His warning proved prescient. The entire industry was building advanced pattern-matchers and calling them drivers. This fundamental flaw was exposed on that sunny Arizona afternoon. The full report on the TuSimple crash, leaked by a whistleblower, revealed the cause was a catastrophic software flaw. The AI had tried to execute a "left turn" command that was over two and a half minutes old because the system had failed to clear its memory after a reboot. The system lacked even the simplest safeguards to prevent a sharp turn at high speed.

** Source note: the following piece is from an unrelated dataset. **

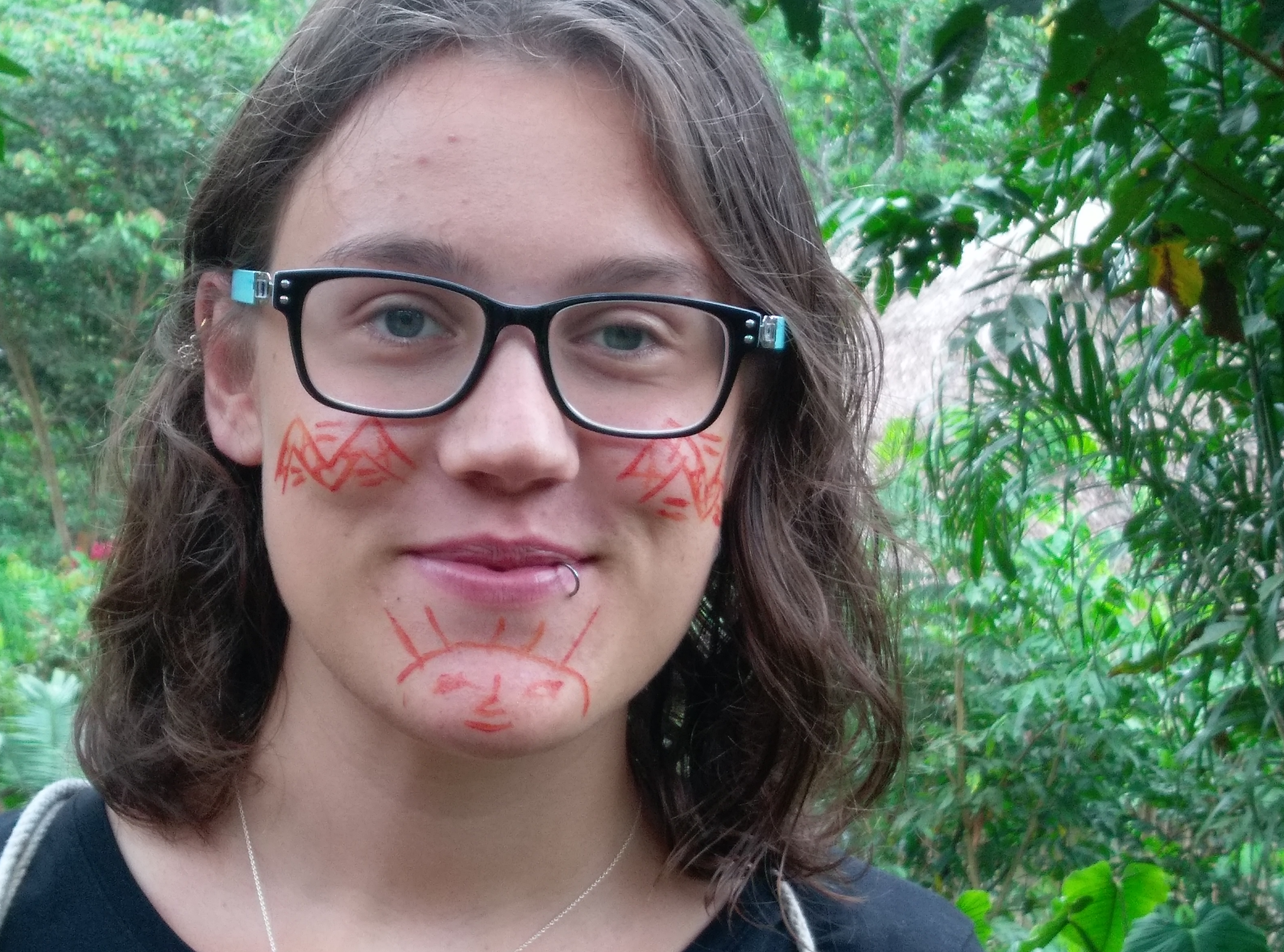 Also we have done the trip to the near waterfalls. For that we got a personalized face-painting with the color of a certain plant and then we started walking up the little river, as well as we went through deeper parts of the jungle. In this part of the trip I felt like I was in another world because it was so idyllic and untouched by mankind. At the first waterfall we left the things that weren’t supposed to get wet and climbed up that waterfall in swim suits and rain boots. After that we walked through knee-high water up to the second waterfall with a deep pond in front of it, where we could go swimming. I liked this trip very much, because the walk there and of course the waterfalls were beautiful.

The fallout was swift and brutal. Federal regulators launched investigations. Investors filed lawsuits, and the river of venture capital dried up. Embark Trucks, once valued in the billions, sold its assets for a mere $71 million in May 2023 and shut down (source). After a corporate meltdown that saw its founder fired and rehired, TuSimple delisted from Nasdaq in early 2024 and ceased its U.S. operations. The American hares hadn't just stumbled; they had crashed, burned, and been sold for scrap.
Act III: The Return of the Tortoise
While the hares crashed, the tortoise of the traditional human driver had never stopped moving. As the noise of the driverless revolution faded, the COVID-19 pandemic made the people behind the wheel visible again. Suddenly, truckers went from invisible to essential.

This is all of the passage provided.